Indeed, only a handful of states around the country tolerate fusion voting. Just about everywhere else, a candidate must belong to the party to run on its line.
So it is no wonder that Delmont's death at age 81 causes the local political world to take stock of the Conservative Party, as it trudges on without the most influential figure of its 50-year local history. The Conservative Party still has a few things going for it:
* It occupies the crucial third line on the ballot, providing an option for voters averse to marking the Democrat or Republican box.
* It exerts influence beyond its tiny membership of about 12,000 in Erie County, compared to almost 300,000 Democrats and about 160,000 Republicans.
* The Erie County organization retains the strong leadership of Chairman Ralph Lorigo, who has run the party with Delmont for the past 17 years.
* Conservatives are also in good shape until the next gubernatorial election in 2014, thanks to Republican candidate Carl Paladino in 2010. Most observers believe that if Lorigo hadn't masterfully manipulated election law to insert Paladino onto its line, the party could have folded by failing to attract the required 50,000 votes to remain a statewide party.
Still, the party is under pressure these days from various sources. Republican State Sen. George Maziarz of Newfane remains infuriated over the failure of Lorigo and Delmont to back Republican Mark Grisanti of Buffalo for re-election to the Senate. So does former County Executive Joel Giambra, another major Grisanti backer. They contend that the fragile Republican majority in the Senate could be threatened by the Conservative backing of Democrat Chuck Swanick.
Lorigo's anointing of Swanick demonstrates that the Conservatives are not always an extension of the GOP. But Delmont's absence may now dilute the sympathy he traditionally showed for Democrats like former County Executive Dennis Gorski, Mayor Byron Brown or Rep. Brian Higgins.

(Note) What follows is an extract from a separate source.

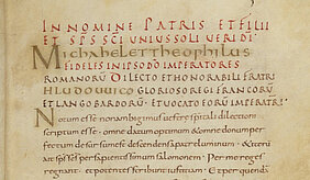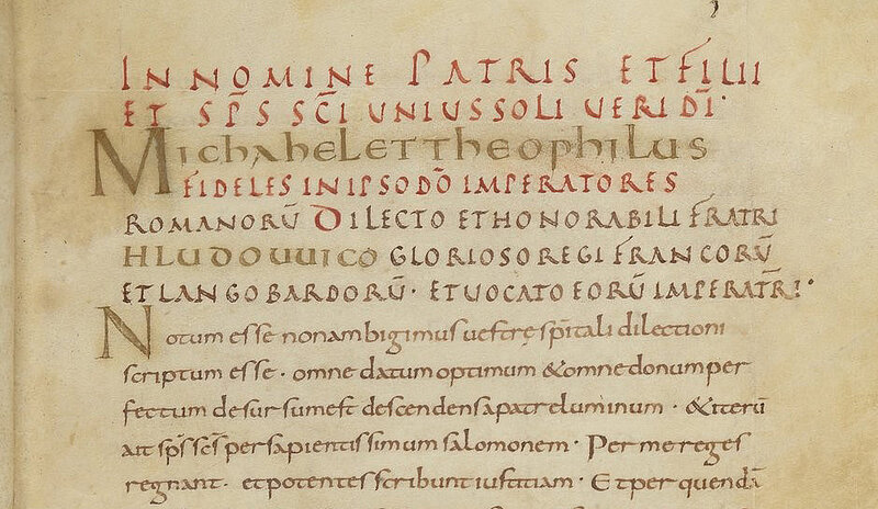 Bildnachweis: Brief vom 10. April 824 von den Kaisern Michael II. und Theophilos an Kaiser Ludwig den Frommen, Paris, BNF, lat. 1597A, fol. 5r.

"Any time a person with Billy's proficiency in politics is gone from the scene, there will be an impact," one top Democrat said last week. "And it was no secret that Billy was more Democratic and Ralph more Republican."
Some speculate that Ray Gallagher, the former state senator and Niagara Frontier Transportation Authority chairman who switched from the Democrats to the Conservatives a few years ago, may fill some of the vacuum left by his old pal Delmont.
Lorigo, meanwhile, has shown he can take the heat. He periodically scraps with state Chairman Mike Long just for the heck of it, and has launched his own political counterattack against Maziarz.
His backing of Paladino in 2010 gives the party its strongest statewide position in years, and he's not about to relinquish the powers that New York's quirky laws give the Conservatives.
"There is no way to affect us from the outside," he said last week. "And there is no question that we will be much stronger, even from those outsiders who think they can come in and change things. That's never going to happen."